Amyloid detected by MRM was confirmed by standard histology in several animals from the older (4 mo) cohort (Figure 2b). As predicted from earlier studies, DBL mice that had overexpressed APP for 4 months carried a mild amyloid burden across the forebrain. In contrast, no amyloid or other histological abnormalities were found in the age-matched single transgenic controls.
A regional brain template derived from adult C57BL/6J mice was used for segmenting the T1 data sets from DBL and age-matched TTA mice into 33 major structures (Figure 3). The atlas based segmentation relies on automated registration which aligned well strong anatomical features such as the hippocampal layers and the anterior commissure; although the presence of randomly positioned amyloid lesions altered the contrast of images from the older DBL mice, it did not appear to affect the quality of atlas registration.
Segmented regions ranged in volume from a minimum of 0.2–0.6 mm 3 for the interpeduncular and laterodorsal thalamic nuclei, to a maximum of ~149–175 mm3 for the cortex (Figure 4).
The most overt change in brain volume between the Alzheimer’s DBL mice and their TTA siblings was a decrease of ~5–6% overall brain volume. Importantly, this reduction was apparent prior to the formation of amyloid, and persisted after its appearance in the older animals (young DBL (490.83 ± 17.49 mm3) vs. young TTA (515.44 ± 19.02 mm3); p<0.04, ci=[−48.11, −1.11]; old DBL (508.62±19.80 mm3) vs. old TTA (541.08±13.19 mm3); p<0.007, ci=[−54.10, −10.83]; Figure 5). The change in overall brain size was accompanied by a 6% reduction in cortical volume (young DBL (157.10 ± 6.99 mm3) vs. young TTA (166.39 ± 6.41 mm3); p<0.03, ci=[−17.28, −1.3]; old DBL (160.48±6.56 mm3) vs. old TTA (168.82± 3.52 mm3); p<0.02, ci=[−15.11, −1.58]).
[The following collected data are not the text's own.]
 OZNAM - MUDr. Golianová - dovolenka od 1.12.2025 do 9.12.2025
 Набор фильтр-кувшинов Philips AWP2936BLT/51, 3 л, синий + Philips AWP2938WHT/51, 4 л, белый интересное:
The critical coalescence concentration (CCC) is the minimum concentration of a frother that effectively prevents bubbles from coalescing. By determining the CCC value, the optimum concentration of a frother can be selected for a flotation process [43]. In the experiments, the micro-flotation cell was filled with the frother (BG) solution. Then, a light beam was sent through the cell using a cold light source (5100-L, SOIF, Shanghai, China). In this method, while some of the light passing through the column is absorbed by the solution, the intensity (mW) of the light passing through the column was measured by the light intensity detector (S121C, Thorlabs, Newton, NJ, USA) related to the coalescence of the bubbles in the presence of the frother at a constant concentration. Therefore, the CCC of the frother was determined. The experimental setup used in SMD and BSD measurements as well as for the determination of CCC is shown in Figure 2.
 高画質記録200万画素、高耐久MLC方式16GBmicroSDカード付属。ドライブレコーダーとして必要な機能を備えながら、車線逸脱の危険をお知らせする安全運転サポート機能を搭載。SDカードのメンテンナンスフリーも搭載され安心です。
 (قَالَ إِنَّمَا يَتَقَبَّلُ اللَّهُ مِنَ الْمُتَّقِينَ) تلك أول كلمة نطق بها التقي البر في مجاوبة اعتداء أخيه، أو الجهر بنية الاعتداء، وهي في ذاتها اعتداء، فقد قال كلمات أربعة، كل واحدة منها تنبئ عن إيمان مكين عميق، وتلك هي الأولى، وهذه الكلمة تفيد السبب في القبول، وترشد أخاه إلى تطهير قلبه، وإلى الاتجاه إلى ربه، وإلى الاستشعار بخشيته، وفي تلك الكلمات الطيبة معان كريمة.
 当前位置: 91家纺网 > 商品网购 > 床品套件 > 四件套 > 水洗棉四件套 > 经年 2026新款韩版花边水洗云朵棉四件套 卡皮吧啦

Regional volume changes became more widespread with age. While the overall brain and cortex were smaller in the young DBL mice, several additional structures became significantly diminished once amyloid pathology ensued, including the striatum (−5% in DBL (160.48 ± 6.56 mm3) vs. TTA (168.82 ± 3.52 mm3); p<0.004, ci=[=4.38, −1.09]), hippocampus (−6.6% in DBL (27.18±0.96 mm3) vs. TTA (29.1±0.88 mm3); p<0.005, ci=[−3.11, −0.73]), pons (−22% in DBL (1.51 ± 0.16 mm3) vs. TTA (1.95 ± 0.30 mm3); p< 0.01, ci=[−0.76, −0.13]), substantia nigra (−17% in DBL (2.29±0.03 mm3) vs. TTA (2.77±0.53 mm3); p<0.03, ci=[−0.91, −0.05]), cerebral peduncle (−15% in DBL (2.08±0.25 mm3) vs. TTA (2.44 ± 0.22 mm3); p<0.03, ci=[−0.67, −0.06]), and cochlear nucleus (−15% in DBL (1.22 ± 0.11 mm3) vs. TTA (1.44 ± 0.12 mm3); p< 0.008, ci=[−0.36, −0.07]). The trend noted in most of these structures was a slower rate of growth in the DBL compared to TTA control mice; that is, many of these areas grew in size between the two ages we imaged, but grew less in the DBL than in the TTA animals. Surprisingly, the pons, an area not usually associated with AD, was the only area to show a dramatic loss of volume with age in the DBL transgenic mice. A number of other structures showed reductions that approached significance (p<0.1) in the 4 mo DBL animals compared to the TTA controls, including the amygdala, cerebellum, olfactory bulbs, septum and anterior commissure. These findings indicate that changes in cortical volume precede amyloid formation, but that many additional structures, including regions well beyond the temporal lobe, are diminished once deposits appear.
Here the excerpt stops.